=== EXERCISE BRIEF ===
Find the line that contains "A selection of". Copy it and every line after it to the end of the material below, exactly, with no pictures.

=== GIVEN INFORMATION ===
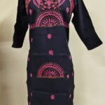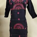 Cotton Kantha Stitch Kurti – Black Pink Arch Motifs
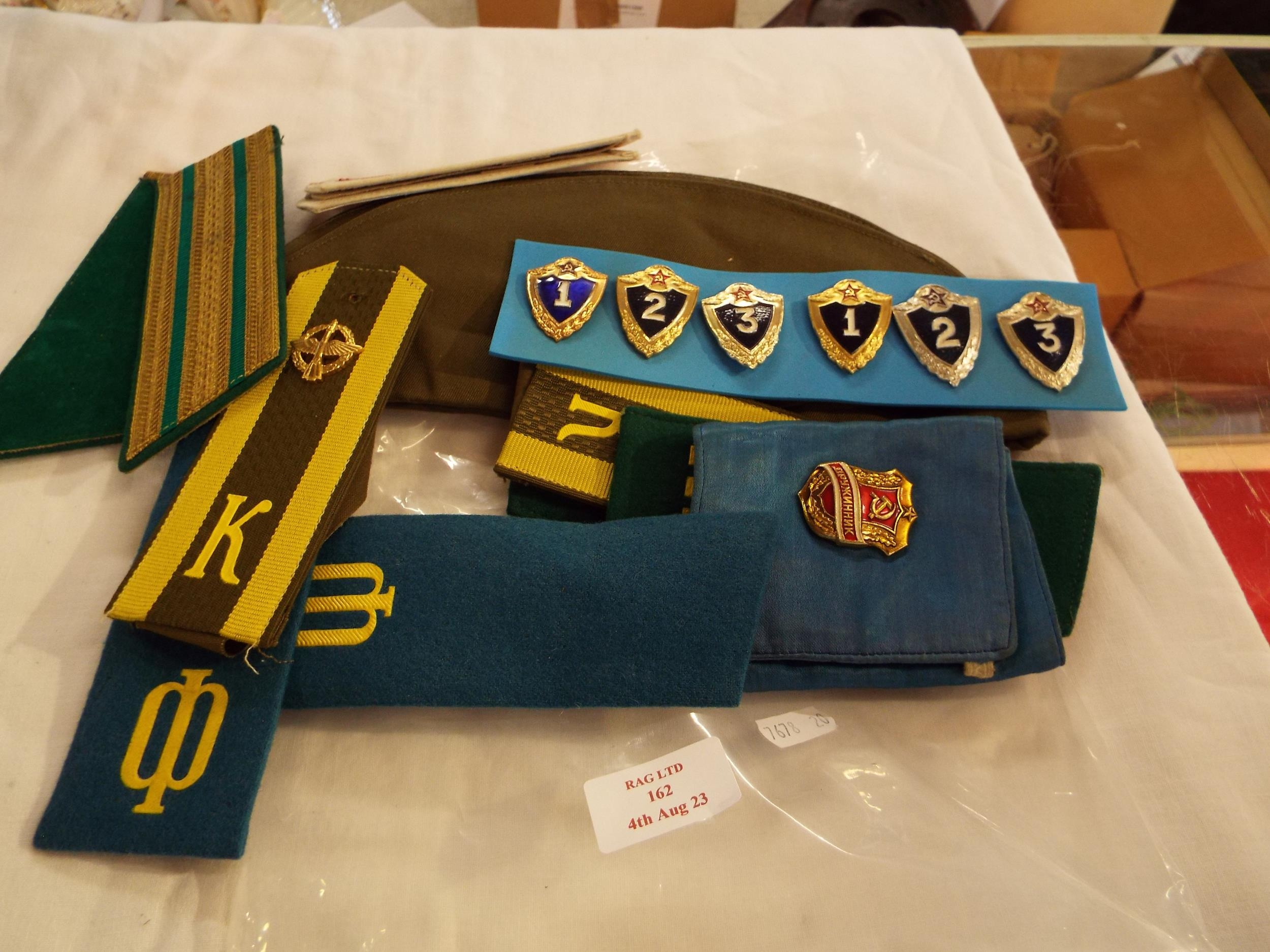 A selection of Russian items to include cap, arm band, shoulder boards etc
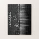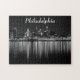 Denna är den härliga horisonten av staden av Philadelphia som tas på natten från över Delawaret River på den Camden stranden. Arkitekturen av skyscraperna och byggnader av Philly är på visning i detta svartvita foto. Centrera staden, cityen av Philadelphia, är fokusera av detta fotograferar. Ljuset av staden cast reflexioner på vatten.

=== RESULT OF THIS TASK ===
 A selection of Russian items to include cap, arm band, shoulder boards etc
 Denna är den härliga horisonten av staden av Philadelphia som tas på natten från över Delawaret River på den Camden stranden. Arkitekturen av skyscraperna och byggnader av Philly är på visning i detta svartvita foto. Centrera staden, cityen av Philadelphia, är fokusera av detta fotograferar. Ljuset av staden cast reflexioner på vatten.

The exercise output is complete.